Reports
=======
Performance metrics and HTML tearsheet generation.
Two entry points:
* :func:`mktlib.reports.html` — generates an interactive HTML tearsheet
(returns the string or writes to disk).
* :func:`mktlib.reports.metrics` — computes the same metric set without
the rendering overhead, returns a :class:`MetricsResult` dataclass.
Both accept a daily ``returns`` series; sub-daily input is automatically
collapsed to one geometrically-compounded value per date. The accepted
input types — ``pl.Series``, ``pl.DataFrame`` with ``date`` and ``return``
columns, or any pandas-like object with a ``DatetimeIndex`` — are
documented under :func:`mktlib.reports.html`.
.. autofunction:: mktlib.reports.html
.. autofunction:: mktlib.reports.metrics
Result and Configuration
------------------------
.. autoclass:: mktlib.reports.MetricsResult
:members:
:undoc-members:
.. autoclass:: mktlib.reports.ReportConfig
:members:
:undoc-members:
.. autoclass:: mktlib.reports.TradeMetrics
:members:
:undoc-members:
.. autoclass:: mktlib.reports.DrawdownInfo
:members:
:undoc-members:
Forward-Looking Risk (Monte Carlo)
----------------------------------
The :class:`MonteCarloConfig` dataclass enables an opt-in Monte Carlo
estimation path on top of the standard tearsheet. When ``enabled=True``,
:func:`html` and :func:`metrics` populate two new
:class:`MetricsResult` fields — ``mc_var`` and ``mc_cvar`` — using the
simulation-based estimator from :doc:`metrics`, and (in :func:`html`)
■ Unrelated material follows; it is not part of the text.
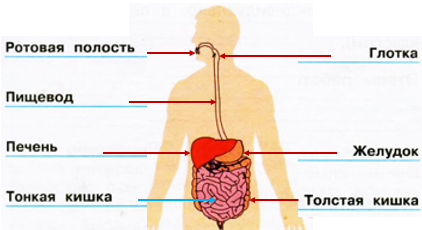 3. Указываем стрелками части пищеварительной системы.

render a *Monte Carlo Forward Paths* chart showing the spaghetti subset,
α/2 / 1−α/2 percentile band, and median path anchored at the last
historical equity value over forward business days.
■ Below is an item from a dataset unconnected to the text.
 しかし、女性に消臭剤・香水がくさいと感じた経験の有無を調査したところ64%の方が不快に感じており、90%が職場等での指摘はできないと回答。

.. autoclass:: mktlib.reports.MonteCarloConfig
:members:
:undoc-members:
**Three MC runs per report, one shared seed.** Internally :func:`html`
and :func:`metrics` run :func:`mktlib.metrics.monte_carlo_paths` for
the chart frame plus two :func:`mktlib.metrics.simulate_metric` calls
(VaR + CVaR), all threaded through one fixed seed so they produce
identical sample paths. When ``mc_config.seed`` is ``None`` the
driver mints one OS-derived seed up front and reuses it across all
three calls; otherwise the user-supplied seed is honoured. At the
perf-path defaults (~10–15 ms per MC batch) the triplet adds 30–45 ms
total — invisible inside the typical tearsheet render.
.. code-block:: python
from mktlib.data import Innovations
from mktlib.reports import html, MonteCarloConfig
# Heavy-tailed Student-t innovations, 21-bar (≈1 month) horizon
html(
returns,
title="Forward-Looking Tearsheet",
output="tearsheet.html",
mc_config=MonteCarloConfig(
enabled=True,
horizon=21,
n_simulations=10_000,
innovations=Innovations.STUDENT_T,
df=5,
seed=42,
alpha=0.05,
n_paths_displayed=100,
exchange="XNYS",
),
)
The chart's x-axis spans roughly 60 historical bars plus the forecast
horizon, with forward dates generated via
``mktlib.scheduling.get_calendar(exchange).session_offset(...)`` so
weekends and holidays are skipped.
**Displayed-subset sampling.** When ``n_simulations > n_paths_displayed``
the chart renders only a subset of paths. The subset is drawn via
*uniform random sampling without replacement*, seeded from the MC
run's parent seed for reproducibility — this is preferred over taking
the prefix ``simulation < n_paths_displayed`` because the prefix
relies on the underlying RNG's i.i.d. property over consecutive
samples (mostly fine for modern PRNGs but a known MC-literature
footgun re: warm-up bias). Distributional equivalence between the
displayed subset and the full population is regression-tested via
two-sample Kolmogorov–Smirnov.
.. note::
When ``enabled=False`` (the default), the ``mc_*`` fields stay
``None`` and the tearsheet renders identically to v0.10.x. The
``MonteCarloConfig`` import has zero runtime cost on
``[reports]``-only installs — the ``mktlib.data`` dependency is
loaded lazily inside the MC code path.